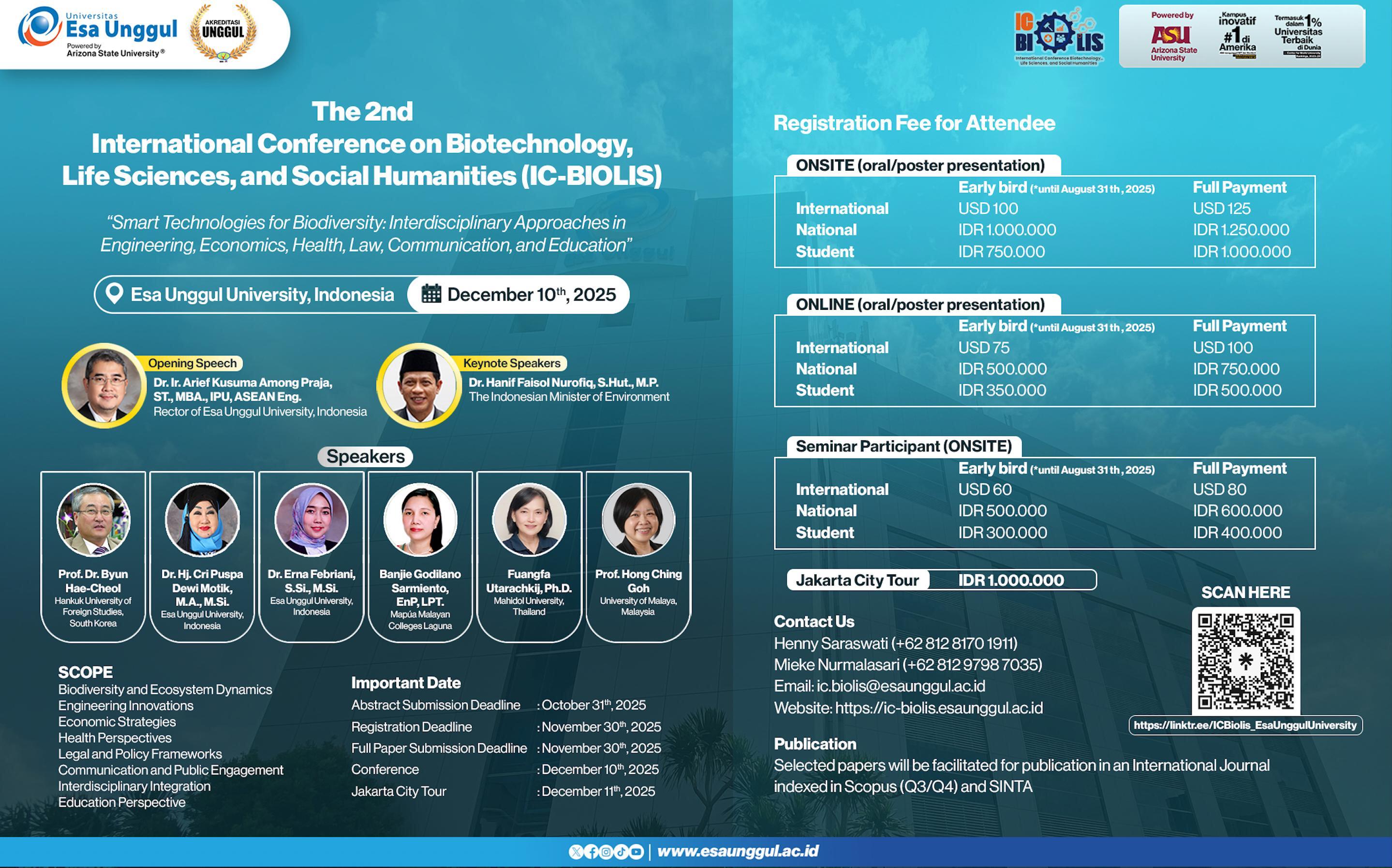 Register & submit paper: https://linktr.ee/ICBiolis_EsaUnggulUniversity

------------------------------------

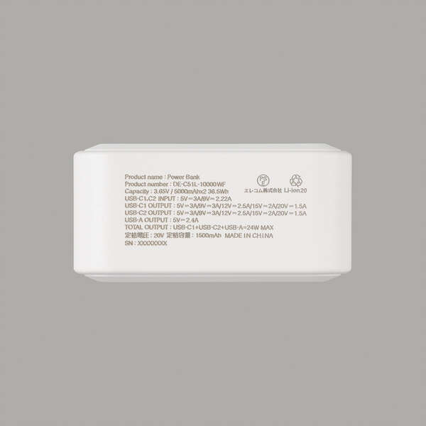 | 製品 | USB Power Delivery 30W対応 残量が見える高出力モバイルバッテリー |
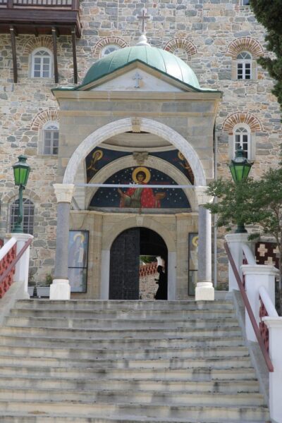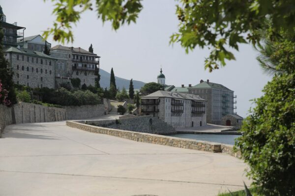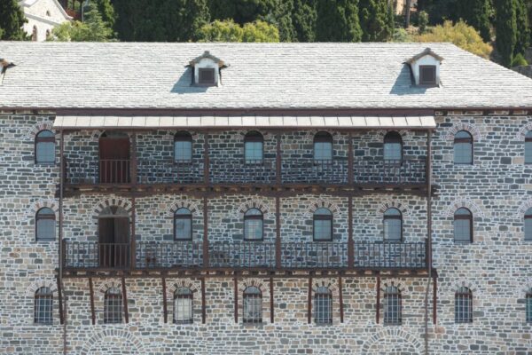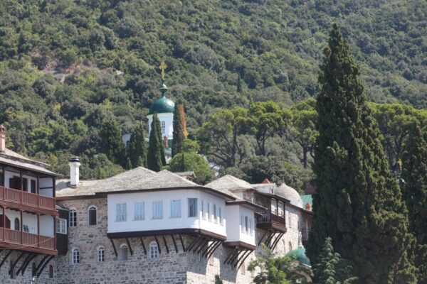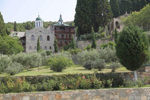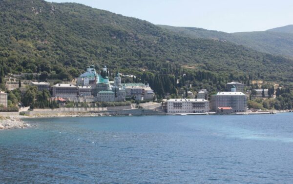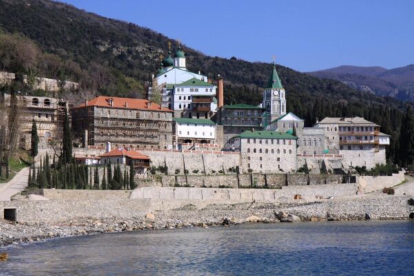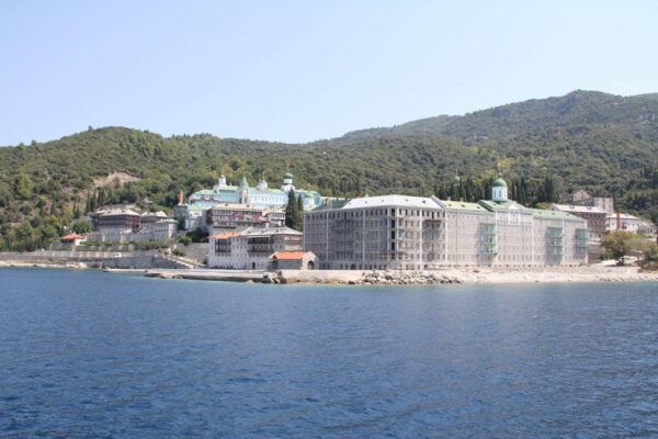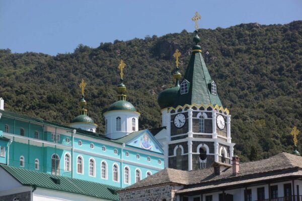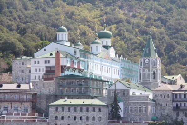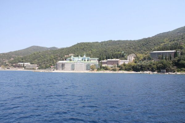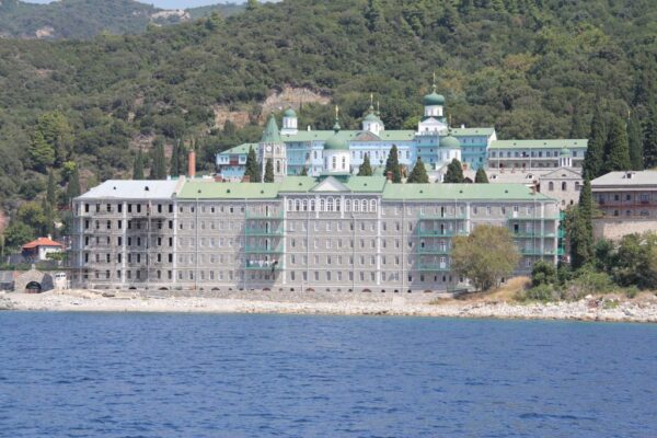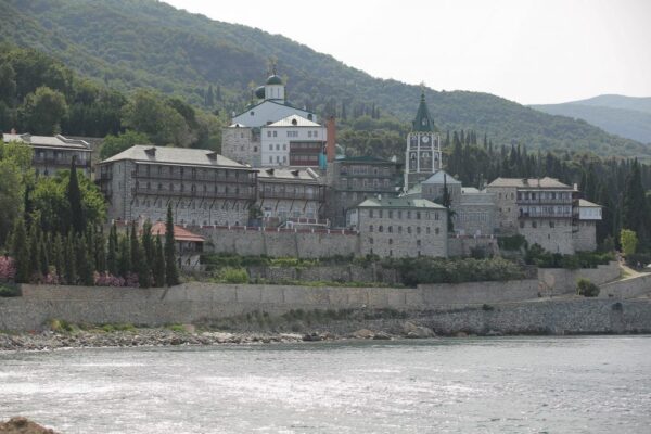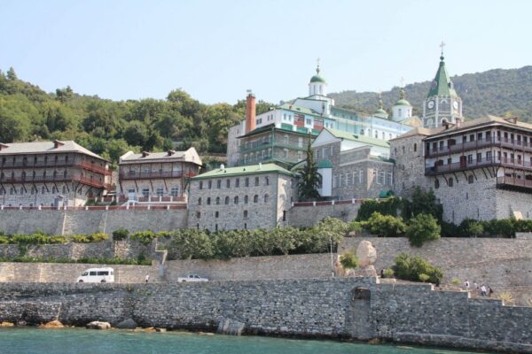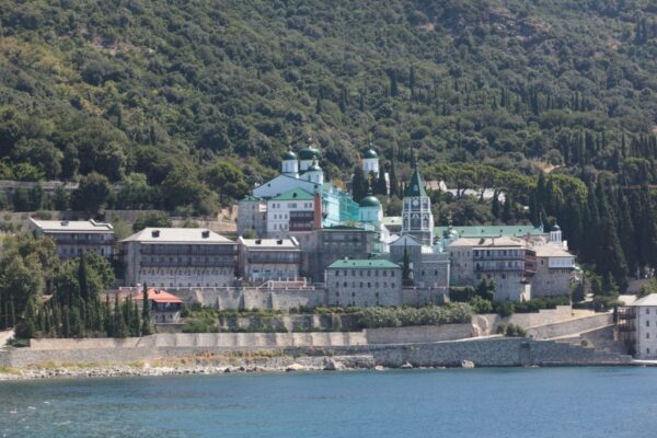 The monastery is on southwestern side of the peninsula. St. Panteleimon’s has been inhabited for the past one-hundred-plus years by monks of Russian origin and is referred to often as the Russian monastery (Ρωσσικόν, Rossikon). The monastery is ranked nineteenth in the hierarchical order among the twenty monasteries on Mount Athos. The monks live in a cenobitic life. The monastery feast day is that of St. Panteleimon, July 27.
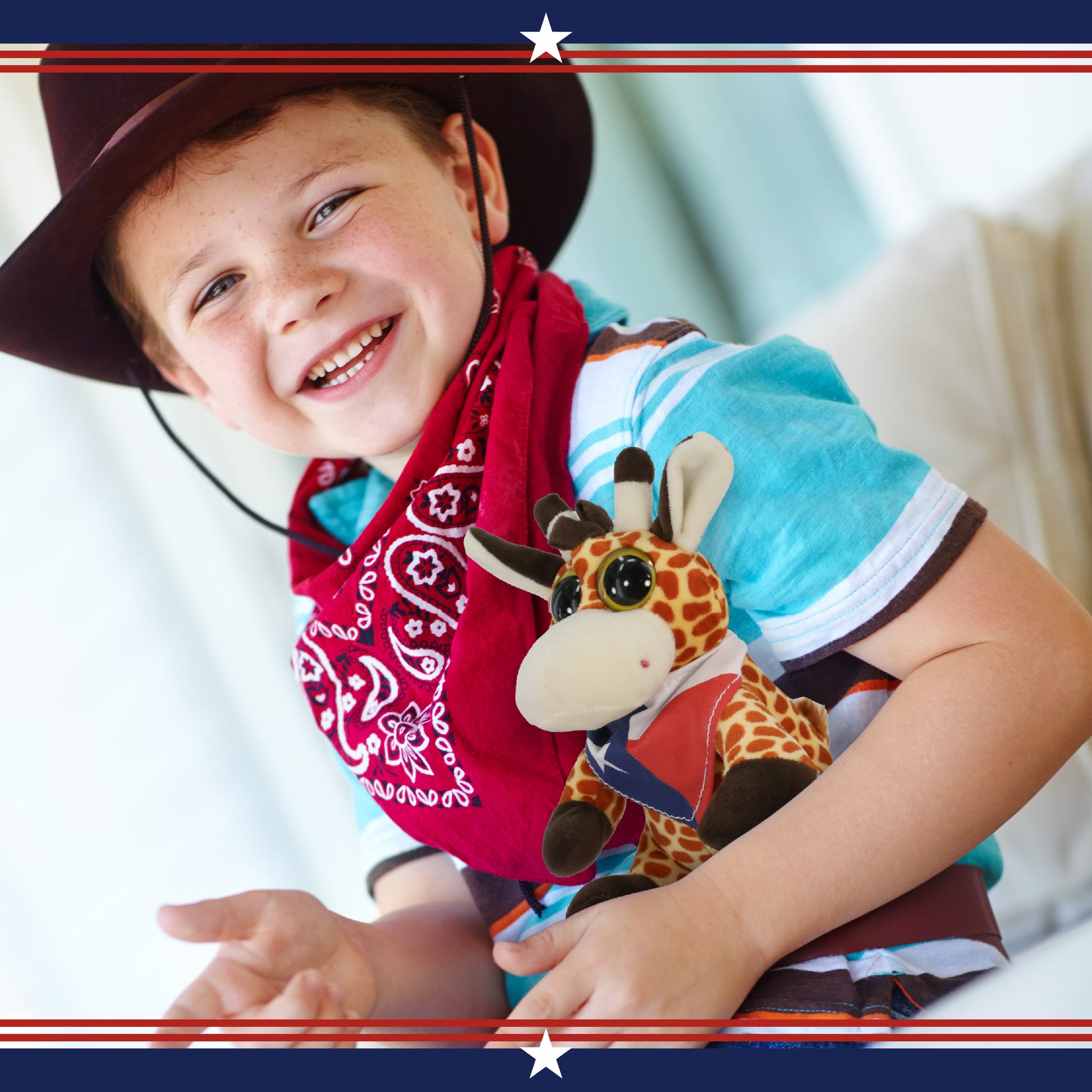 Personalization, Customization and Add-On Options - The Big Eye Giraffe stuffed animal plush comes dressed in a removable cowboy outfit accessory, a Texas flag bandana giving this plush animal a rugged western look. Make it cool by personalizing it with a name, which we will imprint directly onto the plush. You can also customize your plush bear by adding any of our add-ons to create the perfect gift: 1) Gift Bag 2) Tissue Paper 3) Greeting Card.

------------------------------------

* **WORK ORDER**
Output exactly those lines of the data above that run from the line with "The monastery is on" up to and including the line with "Personalization, Customization and". No pictures go in.

* **SOLUTION FOR THIS PROBLEM**
 The monastery is on southwestern side of the peninsula. St. Panteleimon’s has been inhabited for the past one-hundred-plus years by monks of Russian origin and is referred to often as the Russian monastery (Ρωσσικόν, Rossikon). The monastery is ranked nineteenth in the hierarchical order among the twenty monasteries on Mount Athos. The monks live in a cenobitic life. The monastery feast day is that of St. Panteleimon, July 27.
 Personalization, Customization and Add-On Options - The Big Eye Giraffe stuffed animal plush comes dressed in a removable cowboy outfit accessory, a Texas flag bandana giving this plush animal a rugged western look. Make it cool by personalizing it with a name, which we will imprint directly onto the plush. You can also customize your plush bear by adding any of our add-ons to create the perfect gift: 1) Gift Bag 2) Tissue Paper 3) Greeting Card.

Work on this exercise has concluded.